主体性を引き出しエンゲージメントを高める 能動的に企業価値の創造を志向するガバナンスとは
事例:現在の危機を正しく認識し、その危機を乗り越えるための改善目標を現場に落とし込む 〜飲料メーカーB社〜
状況:製品ブームの終焉に伴う売上の低下
B社は危機に直面していました。B社が供給する製品のブームが終わり、業績が急降下していたのです。売上にブレーキがかかり(非常に大きなPL上の赤字を記録しました)、B社も含めた業界には、製品在庫があふれかえっていました。このまま手をこまねいていてはB社がその存続を問われるような状態に陥るのは目に見えていました。
課題:自社の現状課題への薄い認識
経営陣の間で自社の状況が十分に共有されていませんでした。製品ブームの終焉は明らかで、経営陣は、「このままではいけない」とはなんとなく思っていましたが、「今すぐ行動を起こさなければならない」というほどの切迫感を抱いていませんでした。また、当然のことながら、経営陣以上に、現場には危機的な状況と課題は浸透していませんでした。
取り組み:経営陣による現状の再確認と、現場に踏み込んだ経営改革の徹底遂行
ヨーロッパの先進企業の社外取締役を経験していたB社の社長は、現状を把握し、経営陣と危機感を共有する必要を感じました。そのため、まず、財務分析、ポートフォリオ分析でB社が明らかに危機に陥っていることを理解し、正しい企業努力により生き残ることが可能であることを確認しました。次に、全社に向けて現状を何度も発信しながら、事業再編などの戦略面にとどまらず、成果を明示して評価に結びつけるなど、社員全体のガバナンスに関わる改革が徹底的に行われました。
成果:サプライチェーン改革の実現によるキャッシュフローの改善
社長や経営陣の現状認識とそれに基づく明確な目標が何度も共有された結果、社員は目標達成をそれまで以上に重視して活動するようになりました。厳しい市場環境のもとで、売上はなかなか伸びませんでしたが、社員は必死になってサプライチェーンの改革に挑み、在庫の適正化を行いました。それにより、経済紙でも批判を浴びた過大な資産は大きく減少し、キャッシュフローの改善が見られました。同社はその後は順調な経営を行っています。
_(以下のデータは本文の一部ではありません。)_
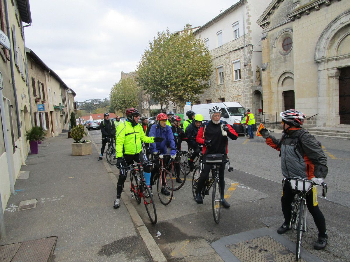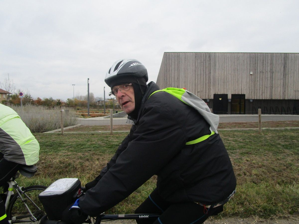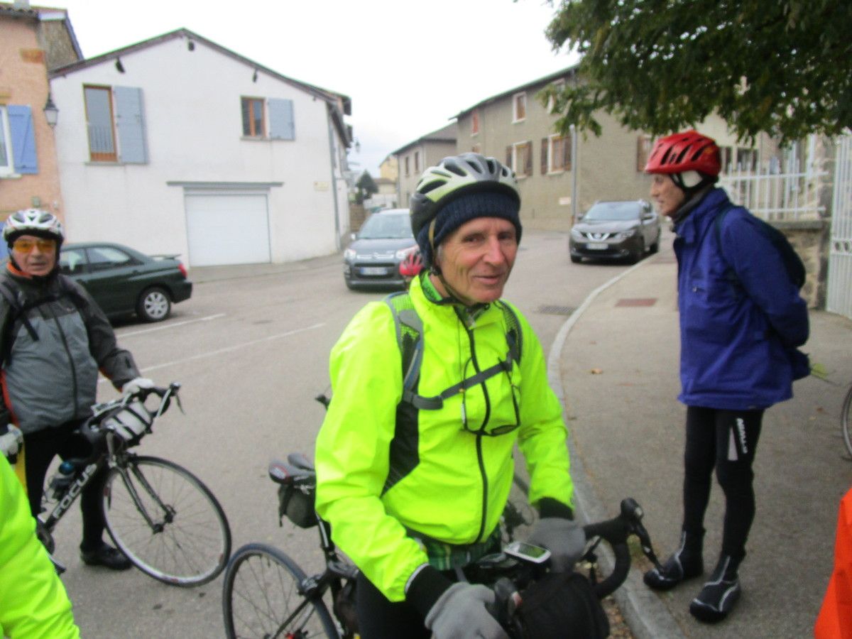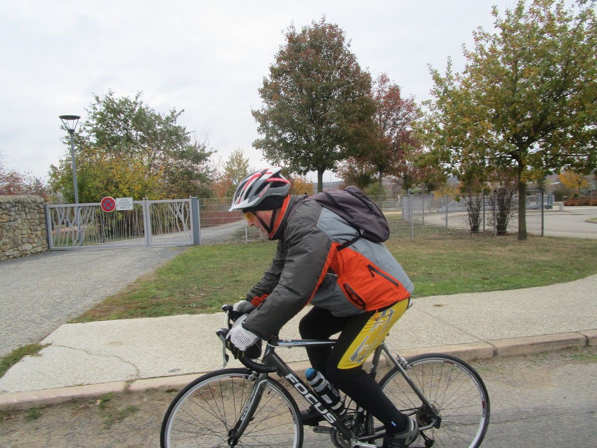 En cette saison, la campagne plutôt grise n'inspire pas à la rêverie. Dans les vergers les arbres d'aspects maigrichons continuent à perdre leurs feuilles jaunies. Les terres sont en partie labourées et semées de futures cultures dans l'attente d'une pousse printanière. La faune, en grande partie, est absente. Il reste, quand même, le charme des saisons. Toutefois, lors de notre éphémère passage les teintes de nos tenues cyclo colorent cette grisaille automnale. Encore un peu de patience et le temps quittera son manteau de froidure pour faire place à des jours plus cléments. Notre périple continue, Messimy (coucou Marie Claude et Louis), Taluyers, Montagny (coucou Alfred), Chassagny, St Andéol le Château.
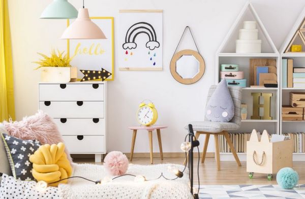 You can introduce geometric decor in kids’ rooms in different ways – as wall decor, in textile, furniture, etc. Let’s look at the different interior design and decorating techniques.
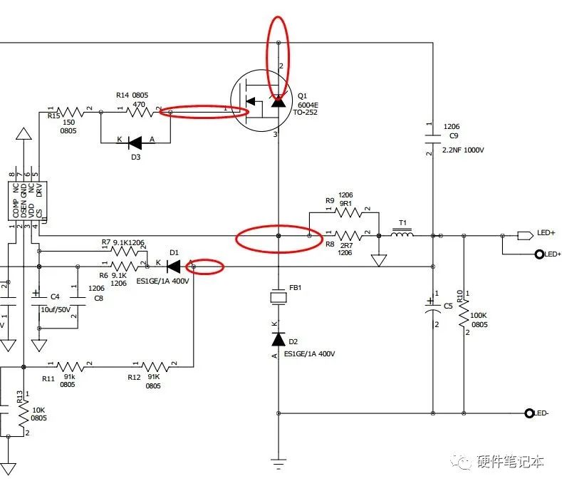 5、整改方案:重点关注高频开关点(如下红色圈处),调整Layout布线设计:
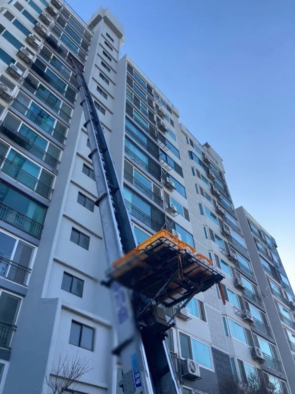 고가사다리 꼭대기가 15층 창문에 턱을 걸고
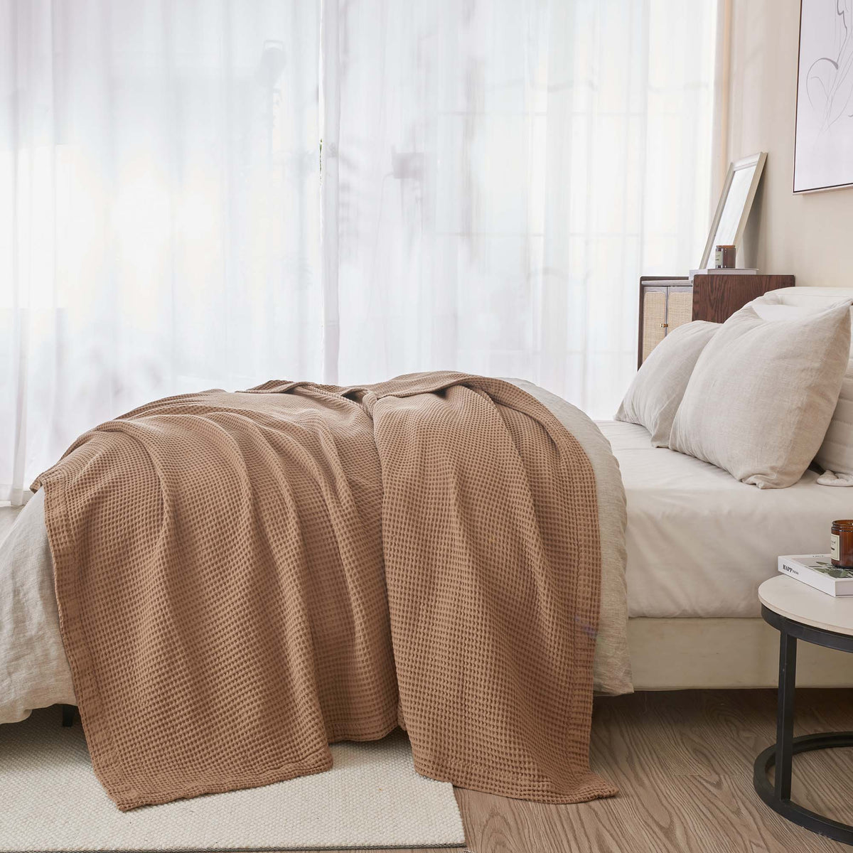 Complete a serene bedding set with our 100% cotton waffle weave blanket. This cotton blanket offers a lightweight warmth that is great as another layer in your bedding or as a lightweight blanket. This blanket offers many uses as a beach blanket or picnic blanket, or add it to any room for an update to your decor. This collection's wide color palette and waffle weave texture give you visual interest that will easily elevate your bedroom decor. This blanket features quality cotton that offers breathability and a lightweight feel that is perfect for summer.

成功の要因:社長・経営陣の決断と現場への具体目標の提示と共有
社長や経営陣が現在の危機を正しく認識し「腹決め」をした上で、社員に現在の危機と今後への課題を訴え、そして状況を正しく認識することのできる新しい経営指標が今後生き残るためにどうしても必要だ、ということを繰り返し伝えました。
成果が分かりやすく表される新しい経営指標により、全社員がサプライチェーン改革による在庫の適正化を数値として確認することが可能となり、社員のエンゲージメントを高めました。